Phase 4: Empathetic Speech Synthesis
The final piece: generating speech that actually sounds empathetic. This is where most voice AI systems fall short — they produce technically accurate but emotionally flat responses.

Why We Chose Chatterbox
After evaluating multiple TTS options, we selected Chatterbox (built on Flow-Matching architecture) for two reasons:
- Latency: Sub-200ms generation time
- Control: Exposed latent parameters for fine-grained tone manipulation
The Build vs. Buy Decision
Initially, we considered self-hosting on A10G GPUs for maximum control. The math didn’t work — infrastructure costs were prohibitive for a startup. We pivoted to a hybrid approach using Resemble AI’s API, enabling pay-as-you-go scaling while maintaining the control we needed.
Emotion-Driven Parameter Control
Chatterbox exposes two key parameters that we manipulate based on detected emotions:
Exaggeration Parameter
Controls pitch variance and expressiveness:
- Low values (0.2-0.4): Subdued, empathetic tone — appropriate for sadness or concern
- High values (0.7-0.9): Energetic, enthusiastic tone — appropriate for excitement or encouragement
CFG Weight
Controls the “tightness” of adherence to the base voice:
- High values (>0.7): Crisp, robotic clarity — useful for factual information
- Low values (0.3-0.5): Introduces human “imperfections” like subtle breathiness and micro-pauses
The Key Distinction
Most TTS systems infer tone from punctuation and text patterns.
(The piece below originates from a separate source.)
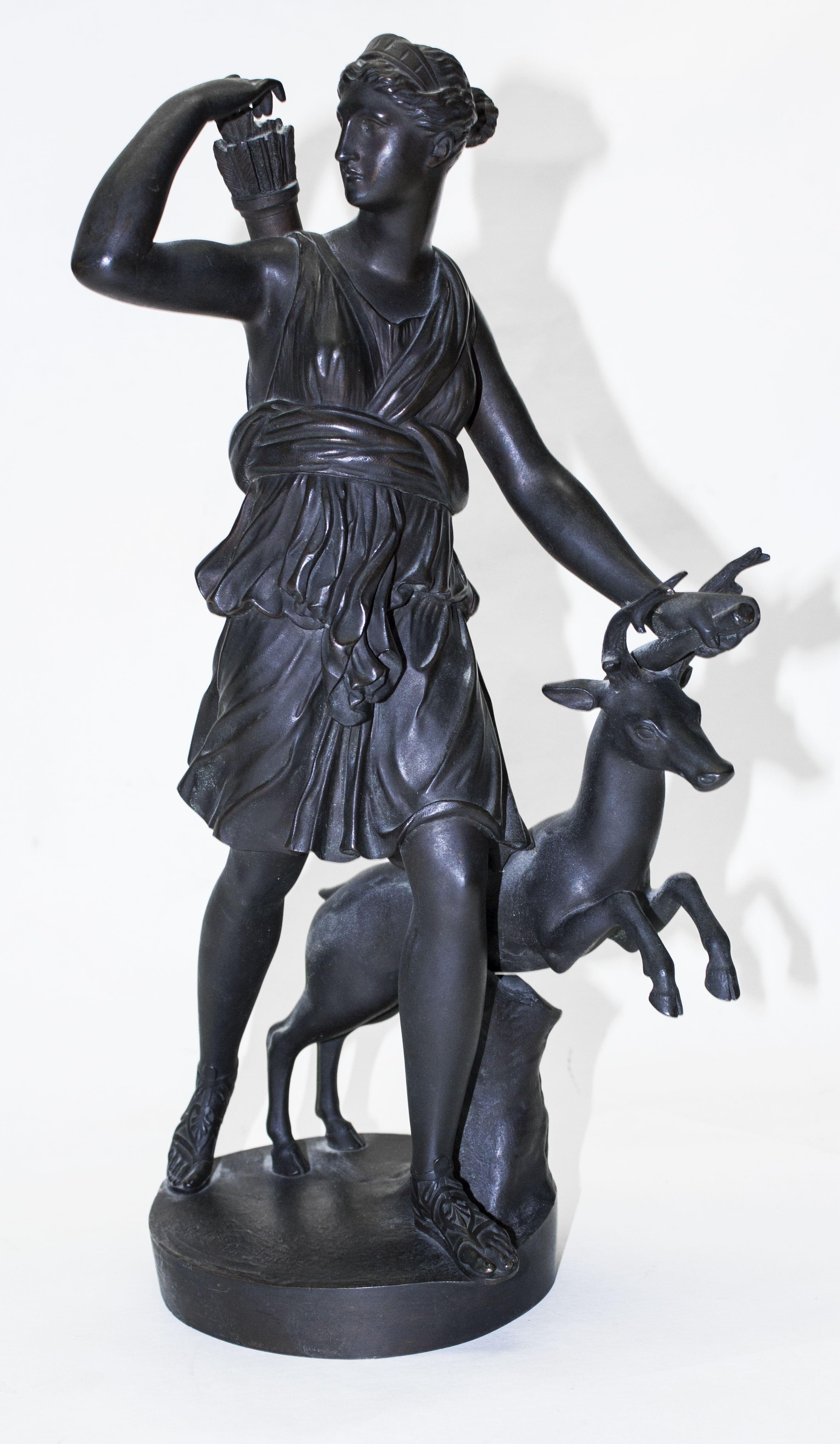 Athlète au strigile et Diane Chasseresse, deux bronze à patine verte, Italie, XIXe s, H 35 cm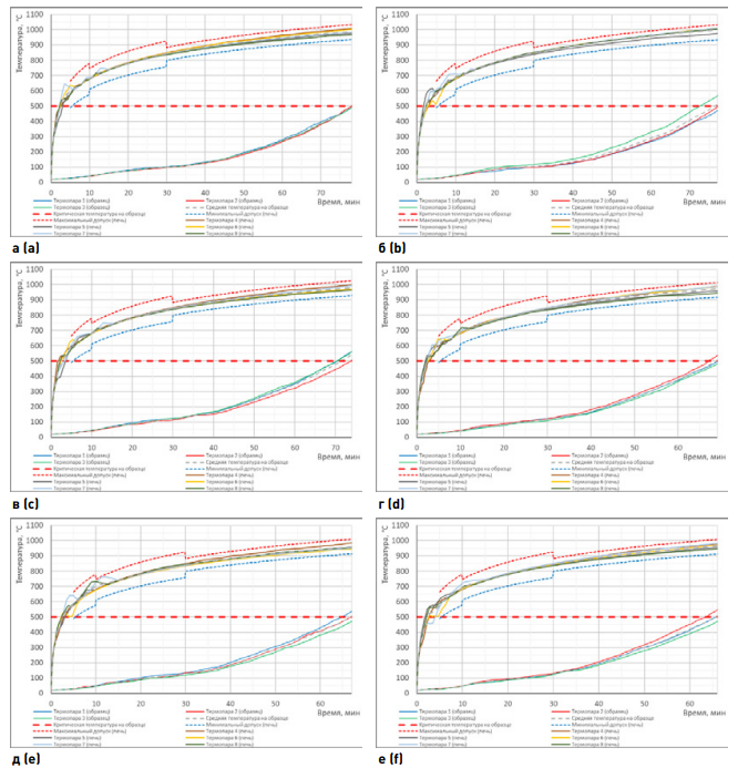 Рис. 8. Изменение температуры в печи и на образце в процессе испытания: а – контрольный образец без старения; б – после 25 циклов старения; в – после 50 циклов старения; г – после 75 циклов старения; д – после 100 циклов старения; е – после 125 циклов старения

An exclamation mark triggers excitement; a question mark triggers upward inflection.
NesterAI decouples text from tone entirely. We apply what we call “mathematically induced tremor” — subtle variations based on the detected emotional state, independent of the text content. This means the same sentence can be delivered with genuine concern or matter-of-fact neutrality, depending on the conversational context.
Results and Validation
The architecture validates our core hypothesis: emotional voice AI doesn’t require expensive infrastructure. By optimizing three decoupled systems — each for its specific requirements — we achieved:
- Sub-1.5 second end-to-end latency
- Genuine emotional awareness through parallel audio analysis
- Natural-sounding empathy via dynamic TTS modulation
- Startup-friendly costs through efficient provider selection
What’s Next
This architecture is now powering production voice AI systems at Nester Labs, including healthcare intake coordinators and customer service applications. We’re continuing to refine the emotion detection models and exploring multi-modal approaches that incorporate visual cues.
The broader insight: empathetic AI isn’t about bigger models or more compute. It’s about thoughtful architecture that processes the right signals at the right time.